GIVEN MATERIAL:
________________________________________

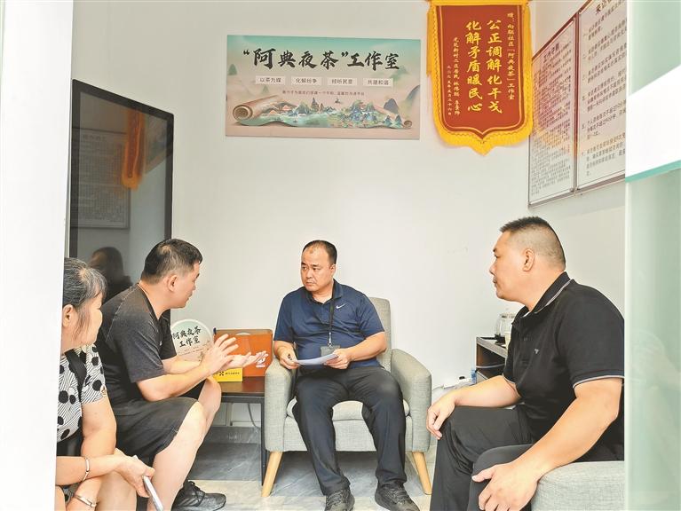 王灵典(右二)创立“阿典夜茶”工作室,为居民化解矛盾纠纷。
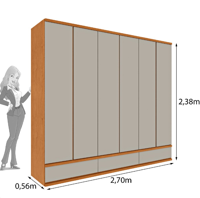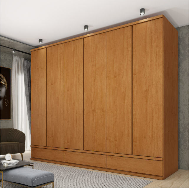 O Guarda Roupa Esparta veio para agradar todos os gostos. Procurando elegância modernidade e sofisticação para o seu quarto? Este é o produto que irá te oferecer essas qualidades. Produto fabricado em MDP e MDF com 6 portas, possui excelente espaço interno bem distribuido, oferecendo máxima organização de forma prática. Suas gavetas possuem corrediças telescópicas que traz uma maior sofisticação para o guarda roupa e também proporciona um mecanismo silencioso para abrir e fechar as gavetas. Parte interna é na cor do produto, escolha a que melhor combina com você e seu quarto. Garanta já o seu.
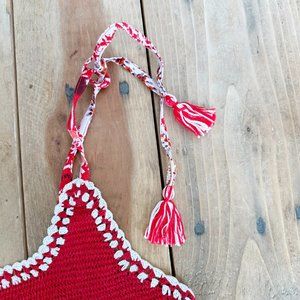 Raga Red Crocheted Halter Anthropologie M NWT

________________________________________

ACTIVITY: Write out the material above precisely, leaving each picture behind.

SOLVED EXERCISE:
 王灵典(右二)创立“阿典夜茶”工作室,为居民化解矛盾纠纷。
 O Guarda Roupa Esparta veio para agradar todos os gostos. Procurando elegância modernidade e sofisticação para o seu quarto? Este é o produto que irá te oferecer essas qualidades. Produto fabricado em MDP e MDF com 6 portas, possui excelente espaço interno bem distribuido, oferecendo máxima organização de forma prática. Suas gavetas possuem corrediças telescópicas que traz uma maior sofisticação para o guarda roupa e também proporciona um mecanismo silencioso para abrir e fechar as gavetas. Parte interna é na cor do produto, escolha a que melhor combina com você e seu quarto. Garanta já o seu.
 Raga Red Crocheted Halter Anthropologie M NWT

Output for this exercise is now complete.